**Problem to solve:** A copy of the listing below is needed, exact in every line and without images.

━━ Given data

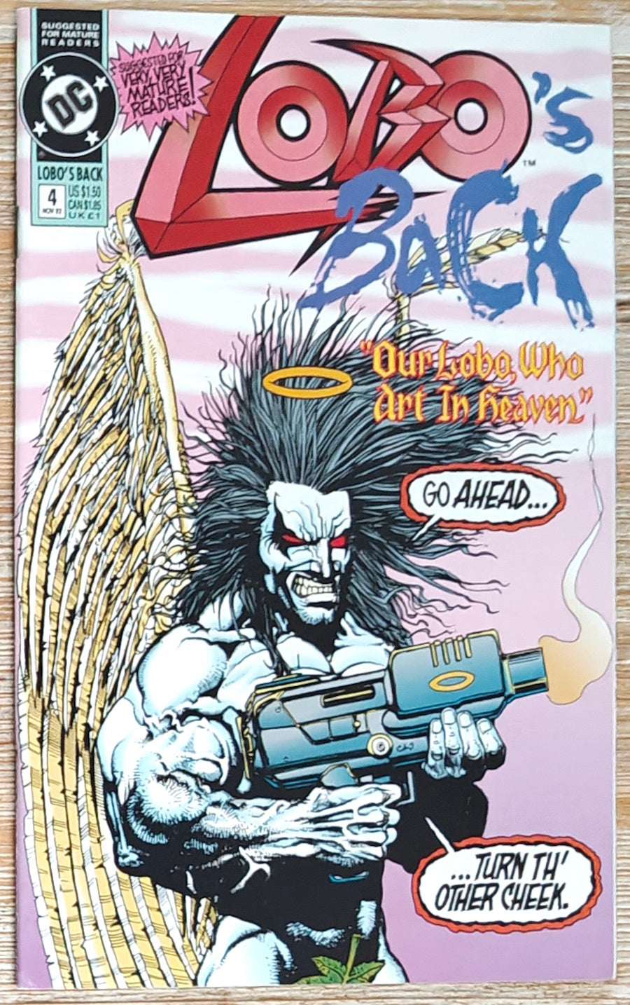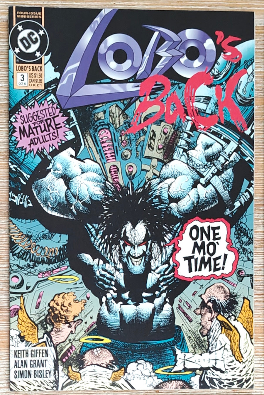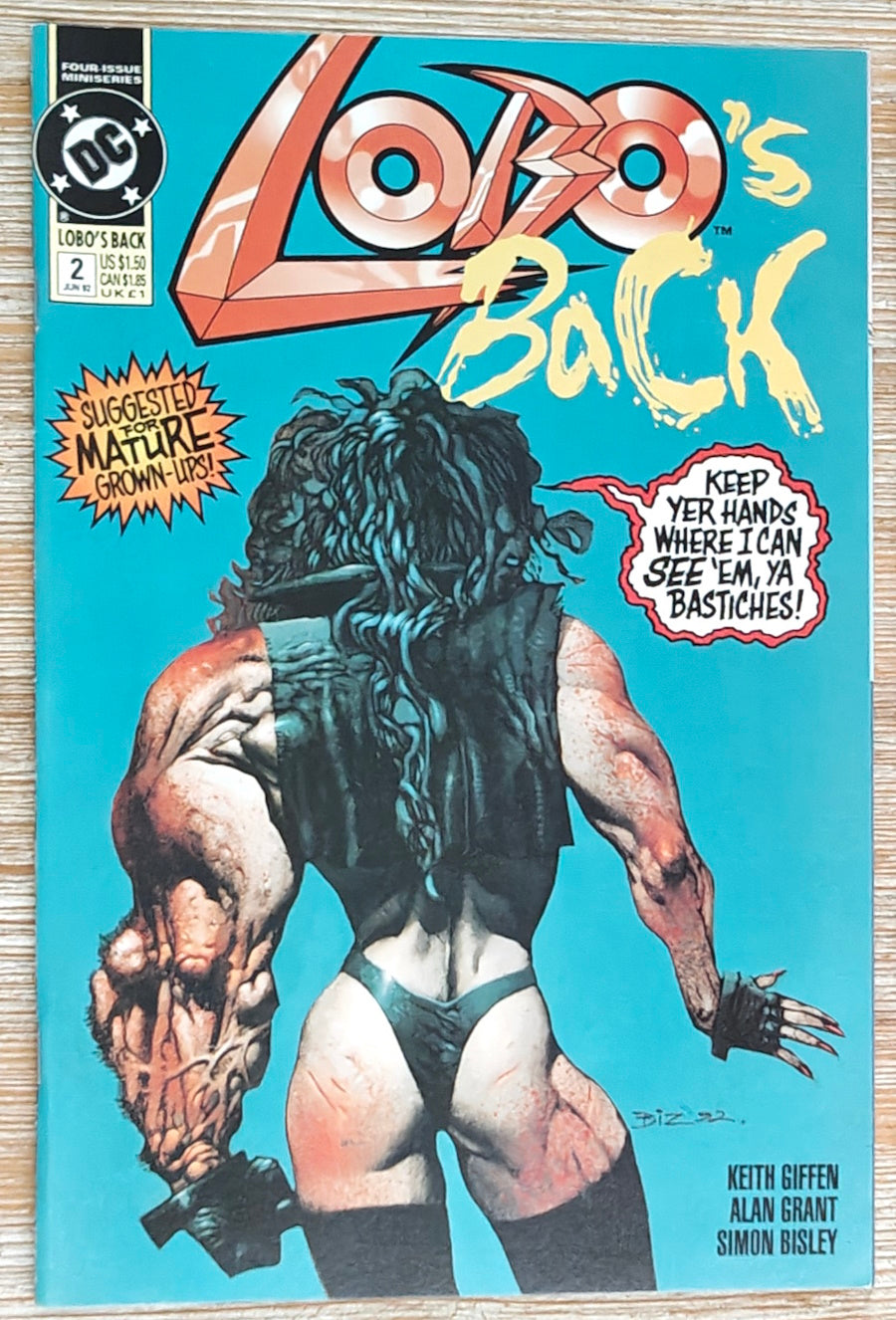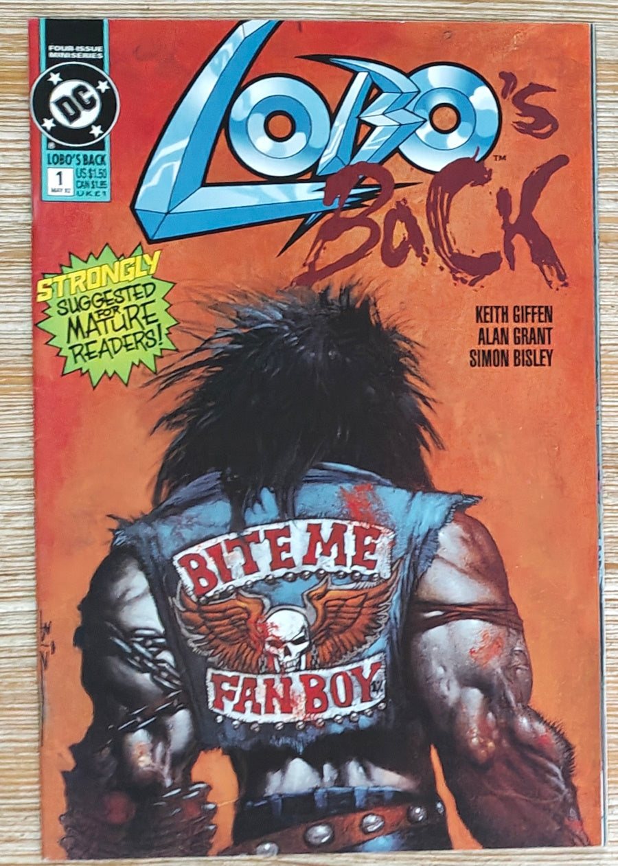 Everybody's favorite bad boy of comics returns! This time Lobo's taken a job as a skip-tracer, courtesy of his old friend Ramona, the skip-tracing hairdresser who's set him on the trail of his bounty, Loo. That's Loo, the self-proclaimed 'baddest bastich in the galaxy'...who may just be a match for Lobo himself. Yeah, right! LOBO'S BACK is a pulse-pounding, action-packed bonanza of violence, hilarity and more violence, brought to you by the creative team responsible for LOBO: THE LAST CZARNIAN and THE LOBO PARAMILITARY CHRISTMAS SPECIAL: writers Keith Giffen and Alan Grant, and artist Simon Bisley, who provides both interior art and covers. All the covers, because issue #1 features three separate covers, but all three appear on every copy - no fraggin' variant editions here. Strongly and Vehemently Suggested for Mature Readers...so put it back, kid!
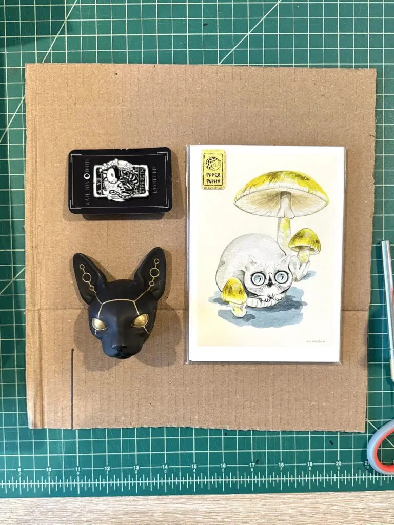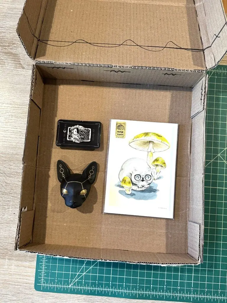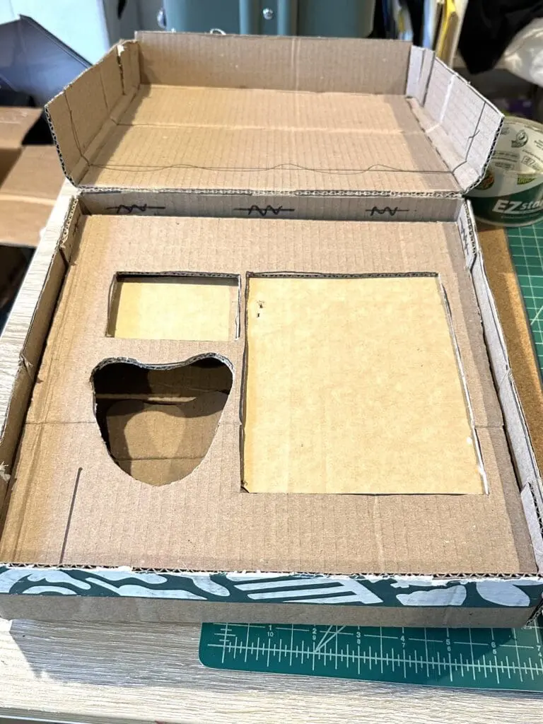 Next, arrange the items on the insert, and trace loosely around them. Leave some extra space so the items won’t be squeezed in. Then, cut out holes in the cardboard for each item you plan to include. Keep the piece of cardboard you cut out, and use it to elevate any the items that seem too short for the full depth of the box. You can hold these up off the bottom of the box with small cardboard supports.
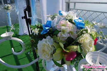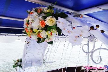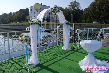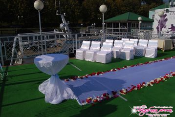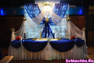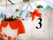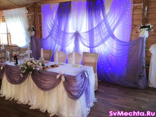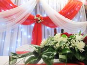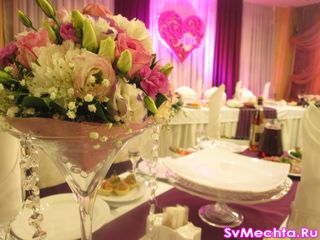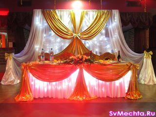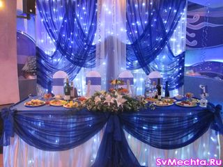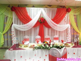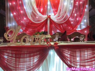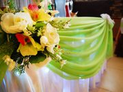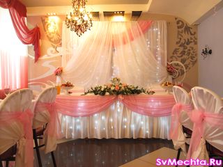 - Оформление банкетного зала: тканями, живыми цветами, гелиевыми шарами, декорациями
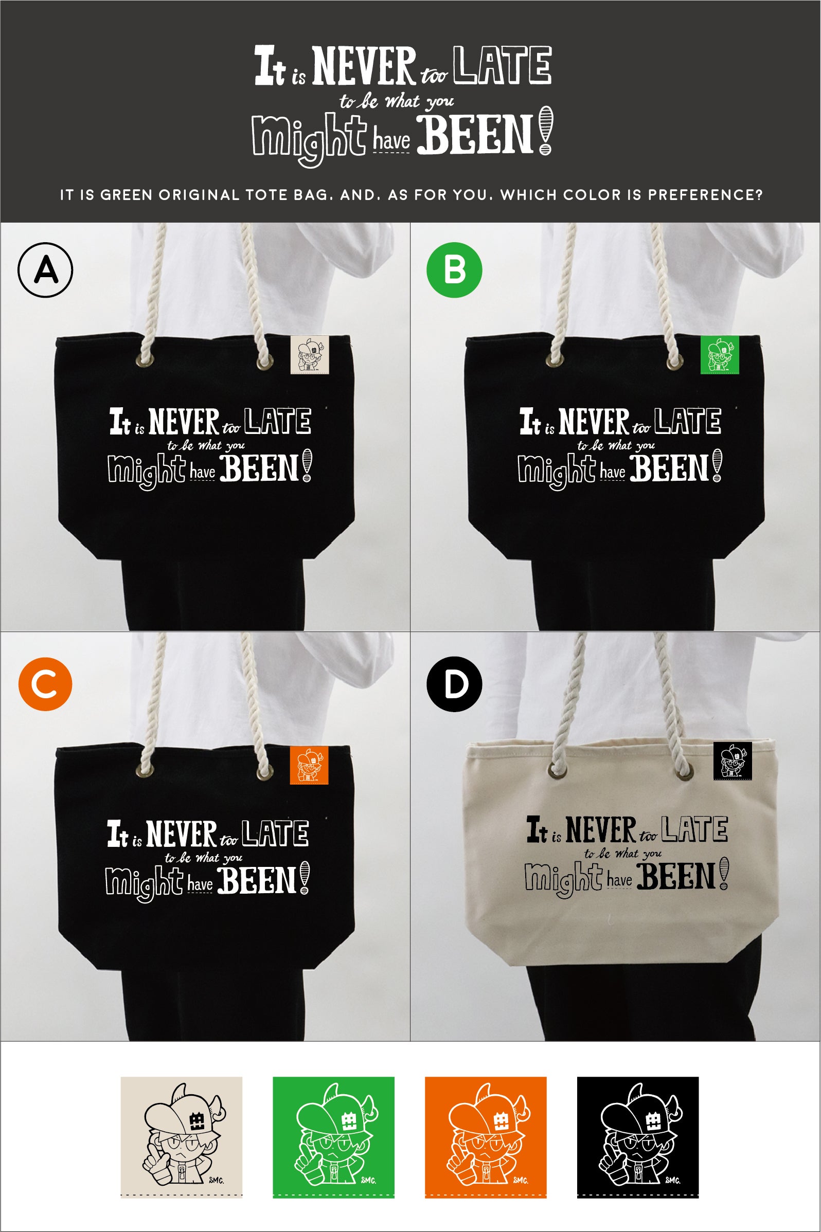 ▲リターンのトートバッグデザインです。4種よりお選びいただけます。
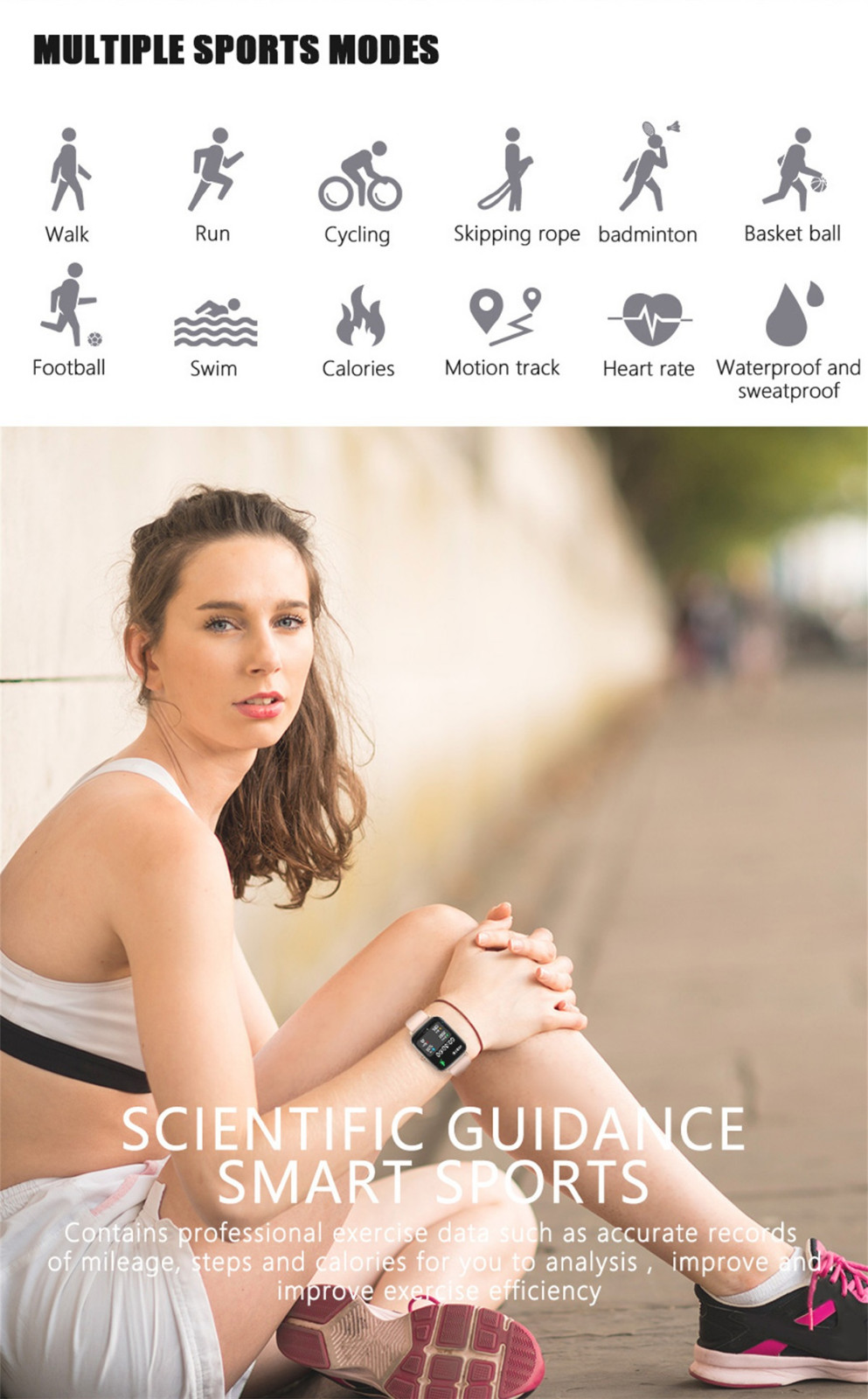 Отслеживание активности, водонепроницаемость IP67, 8 режимов упражнений, секундомер, спортивные данные
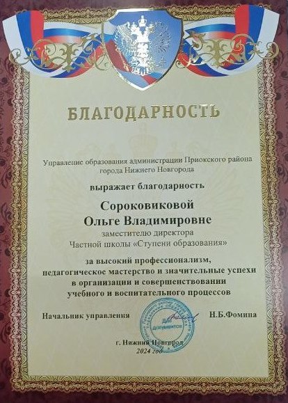 2024 Награждена благодарностью управления образования администрации Приокского района города Нижнего Новгорода «за высокий профессионализм, педагогическое мастерство и значительные успехи в организации и совершенствовании учебного и воспитательного процессов»

━━━━

**Task solution:**
 Everybody's favorite bad boy of comics returns! This time Lobo's taken a job as a skip-tracer, courtesy of his old friend Ramona, the skip-tracing hairdresser who's set him on the trail of his bounty, Loo. That's Loo, the self-proclaimed 'baddest bastich in the galaxy'...who may just be a match for Lobo himself. Yeah, right! LOBO'S BACK is a pulse-pounding, action-packed bonanza of violence, hilarity and more violence, brought to you by the creative team responsible for LOBO: THE LAST CZARNIAN and THE LOBO PARAMILITARY CHRISTMAS SPECIAL: writers Keith Giffen and Alan Grant, and artist Simon Bisley, who provides both interior art and covers. All the covers, because issue #1 features three separate covers, but all three appear on every copy - no fraggin' variant editions here. Strongly and Vehemently Suggested for Mature Readers...so put it back, kid!
 Next, arrange the items on the insert, and trace loosely around them. Leave some extra space so the items won’t be squeezed in. Then, cut out holes in the cardboard for each item you plan to include. Keep the piece of cardboard you cut out, and use it to elevate any the items that seem too short for the full depth of the box. You can hold these up off the bottom of the box with small cardboard supports.
 - Оформление банкетного зала: тканями, живыми цветами, гелиевыми шарами, декорациями
 ▲リターンのトートバッグデザインです。4種よりお選びいただけます。
 Отслеживание активности, водонепроницаемость IP67, 8 режимов упражнений, секундомер, спортивные данные
 2024 Награждена благодарностью управления образования администрации Приокского района города Нижнего Новгорода «за высокий профессионализм, педагогическое мастерство и значительные успехи в организации и совершенствовании учебного и воспитательного процессов»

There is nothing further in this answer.